_Problem details:_
Without the pictures, restate all of the data below word for word.

_Collected data:_
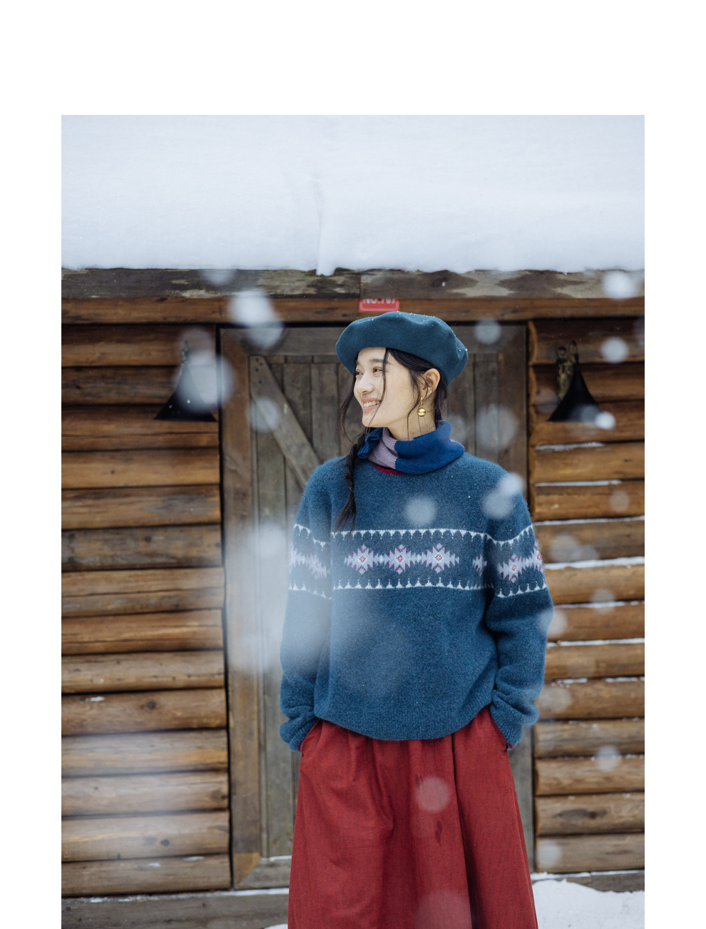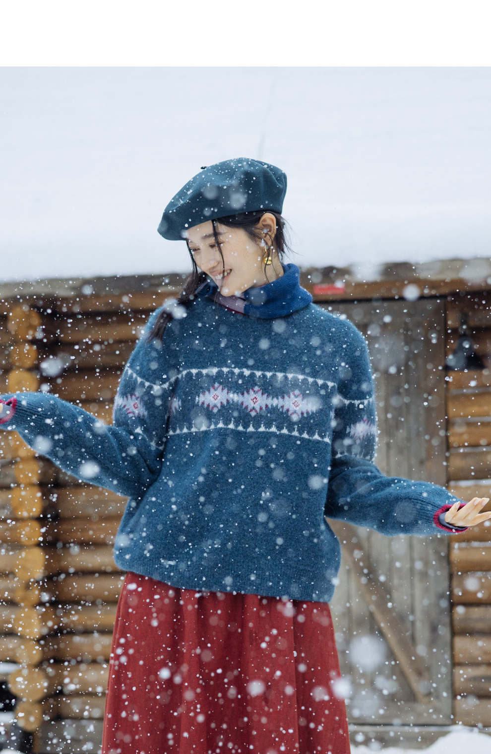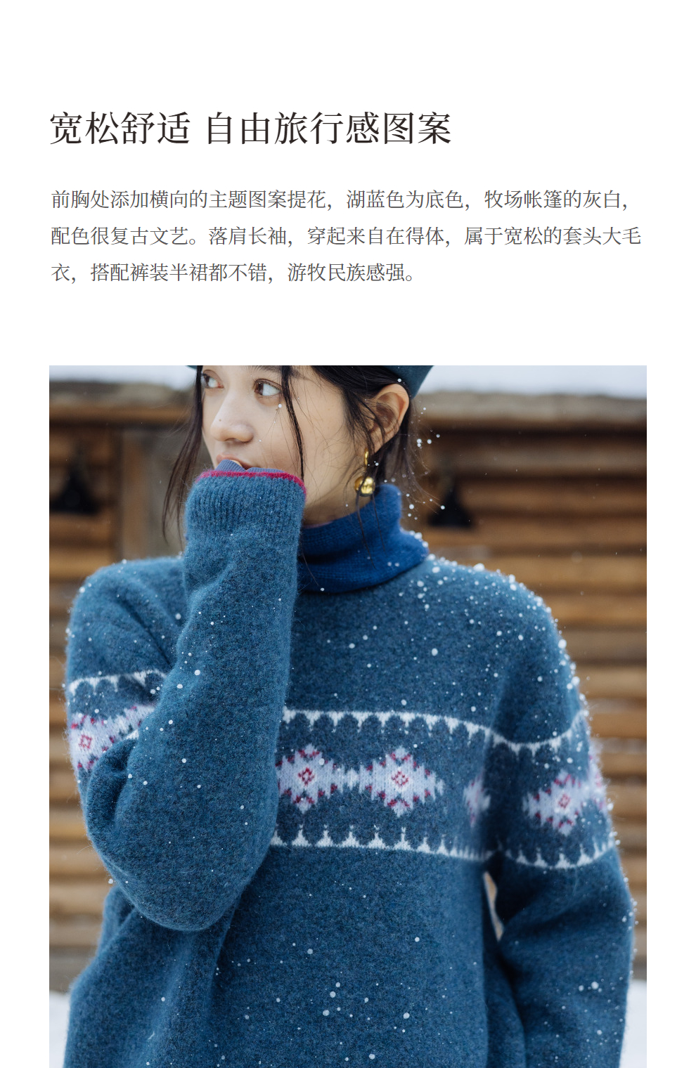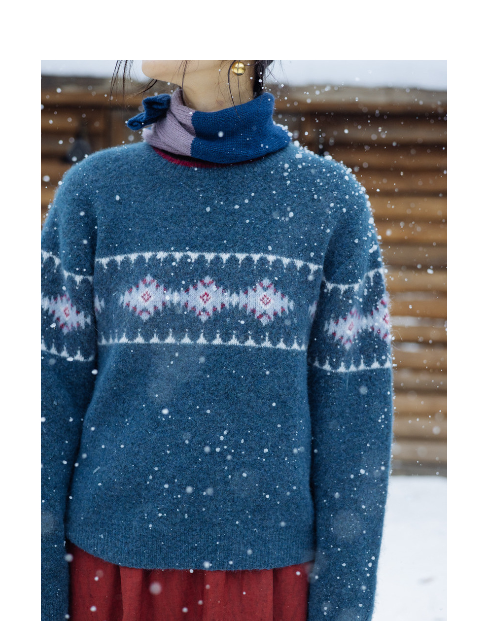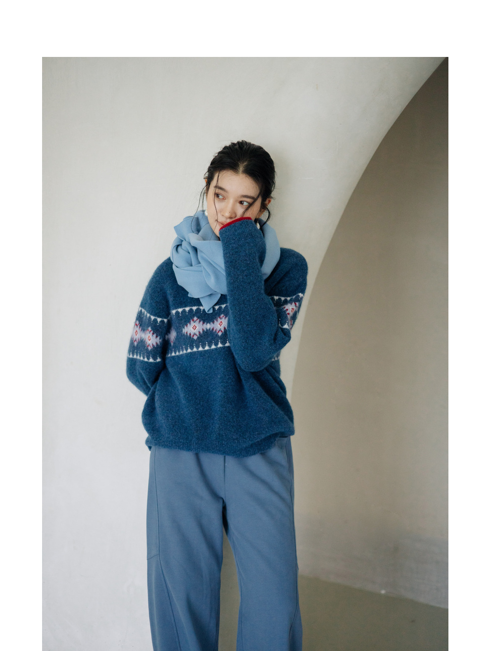 绽放旅行女装825朵/秋冬羊驼羊毛经典圆领撞色提花保暖套头毛衣
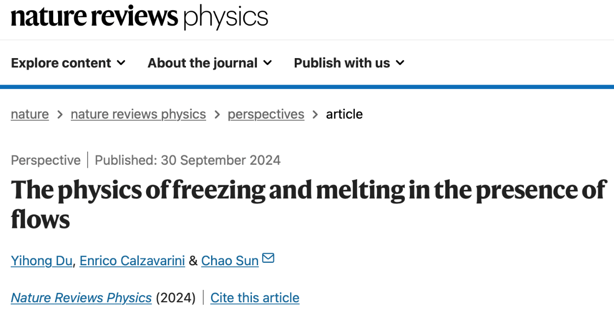 Nature Reviews Physics展望性综述论文:水体流动和冰水相变的耦合动力学
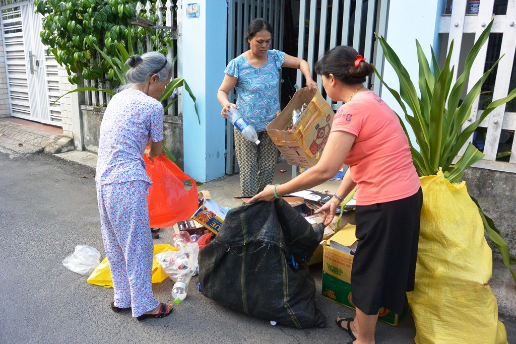 ປະມານ 2 ປີມານີ້, ເມື່ອຮອດວັນທິດຂອງທຸກໆອາທິດ, ບັນດາສະມາຊິກແມ່ຍິງຢູ່ສະມາຄົມແມ່ຍິງ ແທັງວິງ 4, ຕາແສງ ເທາະກວາງ, ນະຄອນ ດ່າໜັງ ໄດ້ລົງໄປເກັບຂີ້ເຫຍື້ອຢາງປຼາດສະຕິກ, ເຈ້ຍເສດຢູ່ນຳແຕ່ລະຄອບຄົວ. ຫລັງຈາກນັ້ນ, ເອື້ອຍນ້ອງແມ່ຍິງກໍ່ພ້ອມກັນຈັດແບ່ງປະເພດຂີ້ເຫຍື້ອ, ສ່ວນໜຶ່ງແມ່ນເອົາໄປຂາຍເພື່ອສ້າງເປັນກອງທຶນ, ອີກສ່ວນໜຶ່ງແມ່ນເອົາໄປຜະລິດຄືນໃໝ່ ເພື່ອເຮັດກັບປາກກາໃຫ້ແກ່ນັກຮຽນ. ເມື່ອເວົ້າກ່ຽວກັບເລື່ອງເຮັດອຸປະກອນການຮຽນຈາກສິ່ງເສດເຫຼືອນັ້ນ, ເອື້ອຍ ຟານທິຮວາ, ຫົວໜ້າສະມາຄົມແມ່ຍິງ ແທັງວິງ 4 ໃຫ້ຮູ້ວ່າ: ນີ້ແມ່ນແນວຄວາມຄິດຂອງສະມາຊິກແມ່ຍິງໃນສະມາຄົມ ລາວເປັນຄູສອນໂຮງຮຽນອະນຸບານ ແລະ ປັດຈຸບັນ, ລາວໄດ້ອອກກິນເບ້ຍບຳນານແລ້ວ. ມາຮອດປັດຈຸບັນ, ຮູບແບບນີ້ ໄດ້ສ້າງວຽກເຮັດງານທຳໃຫ້ແກ່ເອື້ອຍນ້ອງແມ່ຍິງໃນສະມາຄົມຫລາຍຄົນ. ຈາກວິທີເຮັດຄືດັ່ງກ່າວ, ສະມາຄົມແມ່ຍິງສາມາດສ້າງລາຍຮັບໄດ້ເກືອບສິບລ້ານດົ່ງ ເພື່ອສ້າງເປັນກອງທຶນຊ່ວຍເຫຼືອໃຫ້ແກ່ສະມາຊິກທີ່ທຸກຍາກ. ນອກນັ້ນ, ເພື່ອຫລຸດຜ່ອນການນຳໃຊ້ຖົງຢາງນີລົງ, ສະມາຄົມຍັງເກັບຊື້ຖົງຢາງນີລົງທີ່ໃຊ້ແລ້ວຈາກບັນດາຄອບຄົວ, ຫລັງຈາກນັ້ນ ກໍ່ເອົາໄປລ້າງໃຫ້ສະອາດ ແລ້ວຂາຍໃຫ້ບໍລິສັດສິ່ງແວດລ້ອມ. ເອື້ອຍ ຟານທິຮວາ ໃຫ້ຮູ້ວ່າ:
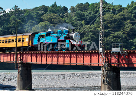 鉄橋を渡る蒸気機関車「機関車トーマス号」

_Expected answer:_
 绽放旅行女装825朵/秋冬羊驼羊毛经典圆领撞色提花保暖套头毛衣
 Nature Reviews Physics展望性综述论文:水体流动和冰水相变的耦合动力学
 ປະມານ 2 ປີມານີ້, ເມື່ອຮອດວັນທິດຂອງທຸກໆອາທິດ, ບັນດາສະມາຊິກແມ່ຍິງຢູ່ສະມາຄົມແມ່ຍິງ ແທັງວິງ 4, ຕາແສງ ເທາະກວາງ, ນະຄອນ ດ່າໜັງ ໄດ້ລົງໄປເກັບຂີ້ເຫຍື້ອຢາງປຼາດສະຕິກ, ເຈ້ຍເສດຢູ່ນຳແຕ່ລະຄອບຄົວ. ຫລັງຈາກນັ້ນ, ເອື້ອຍນ້ອງແມ່ຍິງກໍ່ພ້ອມກັນຈັດແບ່ງປະເພດຂີ້ເຫຍື້ອ, ສ່ວນໜຶ່ງແມ່ນເອົາໄປຂາຍເພື່ອສ້າງເປັນກອງທຶນ, ອີກສ່ວນໜຶ່ງແມ່ນເອົາໄປຜະລິດຄືນໃໝ່ ເພື່ອເຮັດກັບປາກກາໃຫ້ແກ່ນັກຮຽນ. ເມື່ອເວົ້າກ່ຽວກັບເລື່ອງເຮັດອຸປະກອນການຮຽນຈາກສິ່ງເສດເຫຼືອນັ້ນ, ເອື້ອຍ ຟານທິຮວາ, ຫົວໜ້າສະມາຄົມແມ່ຍິງ ແທັງວິງ 4 ໃຫ້ຮູ້ວ່າ: ນີ້ແມ່ນແນວຄວາມຄິດຂອງສະມາຊິກແມ່ຍິງໃນສະມາຄົມ ລາວເປັນຄູສອນໂຮງຮຽນອະນຸບານ ແລະ ປັດຈຸບັນ, ລາວໄດ້ອອກກິນເບ້ຍບຳນານແລ້ວ. ມາຮອດປັດຈຸບັນ, ຮູບແບບນີ້ ໄດ້ສ້າງວຽກເຮັດງານທຳໃຫ້ແກ່ເອື້ອຍນ້ອງແມ່ຍິງໃນສະມາຄົມຫລາຍຄົນ. ຈາກວິທີເຮັດຄືດັ່ງກ່າວ, ສະມາຄົມແມ່ຍິງສາມາດສ້າງລາຍຮັບໄດ້ເກືອບສິບລ້ານດົ່ງ ເພື່ອສ້າງເປັນກອງທຶນຊ່ວຍເຫຼືອໃຫ້ແກ່ສະມາຊິກທີ່ທຸກຍາກ. ນອກນັ້ນ, ເພື່ອຫລຸດຜ່ອນການນຳໃຊ້ຖົງຢາງນີລົງ, ສະມາຄົມຍັງເກັບຊື້ຖົງຢາງນີລົງທີ່ໃຊ້ແລ້ວຈາກບັນດາຄອບຄົວ, ຫລັງຈາກນັ້ນ ກໍ່ເອົາໄປລ້າງໃຫ້ສະອາດ ແລ້ວຂາຍໃຫ້ບໍລິສັດສິ່ງແວດລ້ອມ. ເອື້ອຍ ຟານທິຮວາ ໃຫ້ຮູ້ວ່າ:
 鉄橋を渡る蒸気機関車「機関車トーマス号」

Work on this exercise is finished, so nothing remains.